You are likely to find exactly the dylan glaser you’re looking for on 1stDibs, as there is a broad range for sale. In our selection of items, you can find
Pop Art examples as well as a
contemporary version. You’re likely to find the perfect dylan glaser among the distinctive items we have available, which includes versions made as long ago as the 20th Century as well as those made as recently as the 20th Century. If you’re looking to add a dylan glaser to create new energy in an otherwise neutral space in your home, you can find a work on 1stDibs that features elements of
black,
orange,
beige,
gray and more. Finding an appealing dylan glaser — no matter the origin — is easy, but
Milton Glaser each produced popular versions that are worth a look. Artworks like these — often created in
lithograph,
offset print and
paper — can elevate any room of your home.
The price for an artwork of this kind can differ depending upon size, time period and other attributes — a dylan glaser in our inventory may begin at $180 and can go as high as $2,768, while the average can fetch as much as $394.
Milton Glaser may be best known for a 1977 doodle that became his hometown’s unofficial slogan: I ♥️ NY. But the Bronx-born graphic designer had many other successes during his nearly 70-year career, including iconic posters and prints and cofounding the groundbreaking design firm Push Pin Studios.

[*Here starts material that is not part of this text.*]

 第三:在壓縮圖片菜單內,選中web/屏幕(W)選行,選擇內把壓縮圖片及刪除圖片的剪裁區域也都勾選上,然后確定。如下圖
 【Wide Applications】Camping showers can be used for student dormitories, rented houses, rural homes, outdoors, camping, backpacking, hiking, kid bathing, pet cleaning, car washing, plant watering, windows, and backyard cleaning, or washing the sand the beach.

In the 1950s, American graphics tended toward a Swiss-influenced precision. Glaser, however, pulled from the whole of art history for his designs, inspired by his studies with the painter Giorgio Morandi while on a Fulbright scholarship in 1952. His famous Bob Dylan poster, a landmark of the psychedelic age, was inspired by a Marcel Duchamp self-portrait and the jewel-like colors of Islamic art.

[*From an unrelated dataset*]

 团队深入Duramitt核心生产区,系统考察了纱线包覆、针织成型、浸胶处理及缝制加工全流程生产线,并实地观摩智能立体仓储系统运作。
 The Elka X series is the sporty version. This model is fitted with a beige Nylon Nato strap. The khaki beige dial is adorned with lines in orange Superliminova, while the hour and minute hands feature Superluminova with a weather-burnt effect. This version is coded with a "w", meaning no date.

A cofounder of New York magazine, Glaser went on to design for scores of other publications, and in 2009 he was awarded the National Medal of Arts.

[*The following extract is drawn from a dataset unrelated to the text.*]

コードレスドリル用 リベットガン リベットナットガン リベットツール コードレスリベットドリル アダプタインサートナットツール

In an instance of life imitating art, Glaser was asked to create the promotional posters for the final season of Mad Men, which aired in 2014 and 2015. “I could have walked in the door of that firm,” the designer told the New York Times of the fictional Sterling Cooper & Partners. “I knew those people.”
“There are three responses to a piece of design — yes, no and wow!” he said. “Wow is the one to aim for.” Glaser rarely, if ever, missed the mark. He died of a stroke in 2020.
Find a collection of authentic Milton Glaser art on 1stDibs.
Decorating with fine art prints — whether they’re figurative prints, abstract prints or another variety — has always been a practical way of bringing a space to life as well as bringing works by an artist you love into your home.
Pursued in the 1960s and ’70s, largely by Pop artists drawn to its associations with mass production, advertising, packaging and seriality, as well as those challenging the primacy of the Abstract Expressionist brushstroke, printmaking was embraced in the 1980s by painters and conceptual artists ranging from David Salle and Elizabeth Murray to Adrian Piper and Sherrie Levine.
Printmaking is the transfer of an image from one surface to another. An artist takes a material like stone, metal, wood or wax, carves, incises, draws or otherwise marks it with an image, inks or paints it and then transfers the image to a piece of paper or other material.
Fine art prints are frequently confused with their more commercial counterparts. After all, our closest connection to the printed image is through mass-produced newspapers, magazines and books, and many people don’t realize that even though prints are editions, they start with an original image created by an artist with the intent of reproducing it in a small batch. Fine art prints are created in strictly limited editions — 20 or 30 or maybe 50 — and are always based on an image created specifically to be made into an edition.
Many people think of revered Dutch artist Rembrandt as a painter but may not know that he was a printmaker as well. His prints have been preserved in time along with the work of other celebrated printmakers such as Pablo Picasso, Salvador Dalí and Andy Warhol. These fine art prints are still highly sought after by collectors.
“It’s another tool in the artist’s toolbox, just like painting or sculpture or anything else that an artist uses in the service of mark making or expressing him- or herself,” says International Fine Print Dealers Association (IFPDA) vice president Betsy Senior, of New York’s Betsy Senior Fine Art, Inc.
Because artist’s editions tend to be more affordable and available than his or her unique works, they’re more accessible and can be a great opportunity to bring a variety of colors, textures and shapes into a space.
For tight corners, select small fine art prints as opposed to the oversized bold piece you’ll hang as a focal point in the dining area. But be careful not to choose something that is too big for your space. And feel free to lean into it if need be — not every work needs picture-hanging hooks. Leaning a larger fine art print against the wall behind a bookcase can add a stylish installation-type dynamic to your living room. (Read more about how to arrange wall art here.)
Find fine art prints for sale on 1stDibs today.